Wednesday, March 11, 2015

Mental Retardation

Mental Retardation

Approximately 2,000,000 individuals in the United States are mentally retarded. The diagnosis as described by the DSM-IV requires an IQ of 70 or below as measured by standardized IQ testing, impairment in general functioning (adaptive functioning) in two areas, and onset before the age of 18. If onset is after age 18, this is considered Dementia.

About 80-85% of these individuals are mildly retarded, (IQ of 50-70- considered educable); about 10% are moderately retarded (IQ of 35-50- considered trainable); 3-4% are severely retarded (IQ scores of 20-35), and 1% of individuals are profoundly retarded (IQ below 20). Individuals with severe and profound retardation will undoubtedly need supportive or institutional care for life. Mentally Deficient and Intellectually Deficient are terms sometimes used in reports and documents as a substitute for Mental Retardation. These terms are interchangeable but are often chosen due to personal preference or bias.

There is an identifiable cause for retardation in about 50% of the cases. Factors are often biological, which are more likely to create moderate to profound retardation. Environmental factors, including perinatal problems, infant illness, neglect, and malnutrition all are factors that can lead to retardation in intellectual development. Moderate to profound Mental Retardation is distributed evenly across all social classes. Mild Mental Retardation appears more commonly in lower classes. One interesting point- infant developmental measures are not a good predictor of future retardation. However, they are a good predictor of exceptional intellectual development in the future. The WISC-III is not a good measure of more severe retardation because it has an inadequate floor. Tests such as the Stanford-Binet or Woodcock Johnson-Cognitive Battery are better measures on the lower end of the scale.

The following are examples of cases:

Bobby is 6 years old. His parents report that he started school this year and cannot keep up with the other kids. He is unable to identify letters, cannot yet write his own name. Interviewing him, you find that he is very difficult to understand and often uses words that make no sense. His parents are of average education level and speak well. Apparently, Bobby also has trouble tying his shoes and has trouble bathing on his own. His IQ is 68 as measured on the WISC -III in both Verbal and Performance areas (Full Scale of 67).

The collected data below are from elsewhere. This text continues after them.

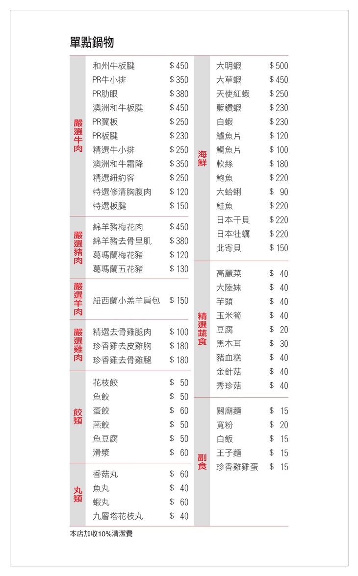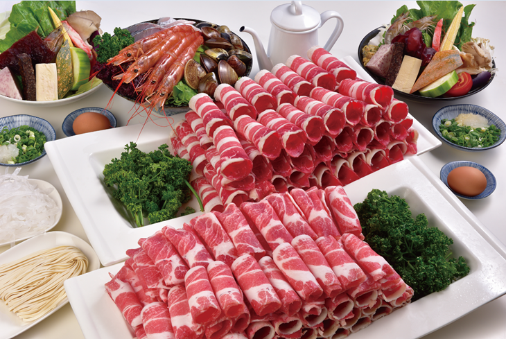 精心挑選的各式肉品,品質新鮮,肥瘦適中,油花分布勻稱細緻又美麗,片片堆疊而起,有如藝術品般的優雅精緻,取片下鍋滾水涮煮,掌握黃金秒數,肉嫩味鮮,讓眾人的味蕾分秒被這迷人美味給攻陷、佔據。
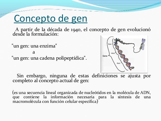 Concepto actual de gen. Los genes se transmiten de los padres a la descendencia y contienen la información necesaria para precisar sus. Éste es un concepto que proporciona una. Pero se basaban en el concepto de que el gen.
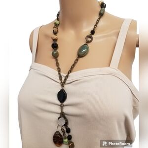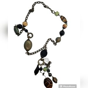 High quality antique brass necklace adorned with murano art glass pendants of various colors and shapes some with marbled patterns. Necklace measures 24 inches in length with a lobster claw closure. Beautiful one of a kind piece.
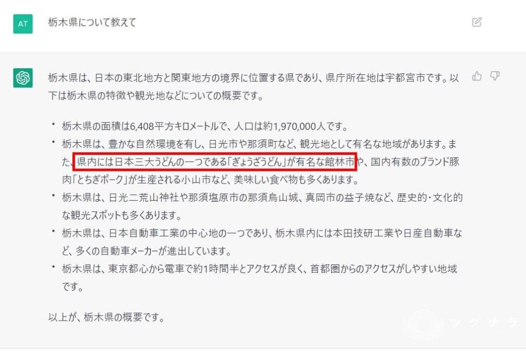 実際に「栃木県について教えてください」と質問を投げかけたところ、概ね事実が書かれていたものの、「県内には日本三大うどんの一つである「ぎょうざうどん」が有名な館林市や」という明かなうそが混じっていました。
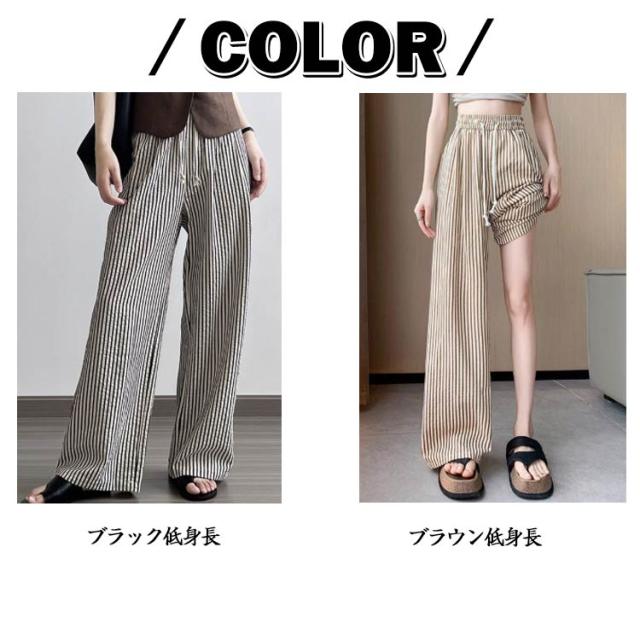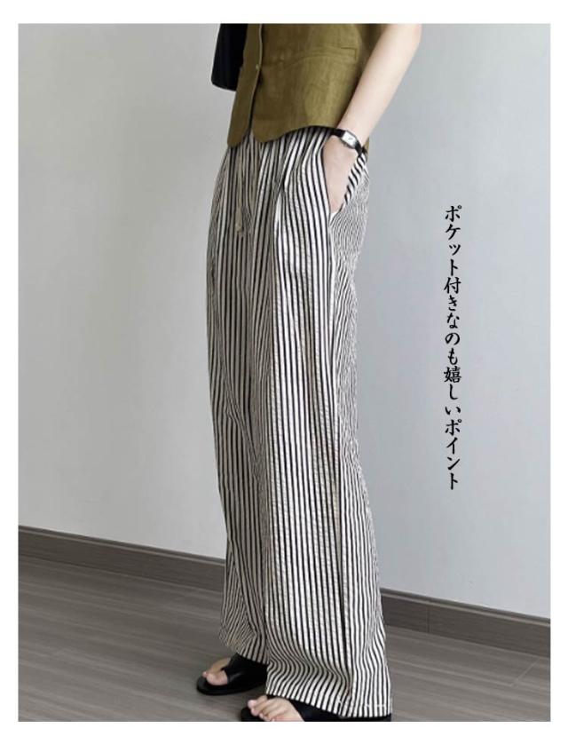 ワイドパンツ 接触冷感 ストライプパンツ レディース 涼しい 冷感 ストライプ ワイド パンツ 夏 ウエストゴム イージーパンツ 低身長 高身長 夏用 ボトムス きれいめ ゆったり 大きいサイズ 体型カバー ストレートパンツ リラックスパンツ 春夏

This child may very likely be diagnosed with Mild Mental Retardation. He meets criteria with the IQ score below 70. Further, he has communication problems and has problems in self-care skills. Of course, it is important to get a good history of childhood illnesses and injuries. This can help to clarify the diagnosis.

Tommy is 12 years old. His mother says he can’t read and even has trouble writing his own name. He is difficult to understand when you speak with him. His Full Scale IQ in the WISC-III is 69, with a verbal of 62 and a Performance IQ score of 75. His mother reports that he has some trouble with self-care skills. His mother is of a low SES; she has a 5th grade education.

This is a difficult case to make a differential diagnosis. However, several factors lend themselves to not diagnosing Mental Retardation. First, The IQ scores show a significant split (12 points on the WISC-III is considered significant). His performance IQ score is in the Borderline Range. Furthermore, his mother is of a low education level (carefully look into early stimulation, e.g. reading, talking, etc.). This child probably has some language problems or learning disabilities that affect his intellectual development and school performance.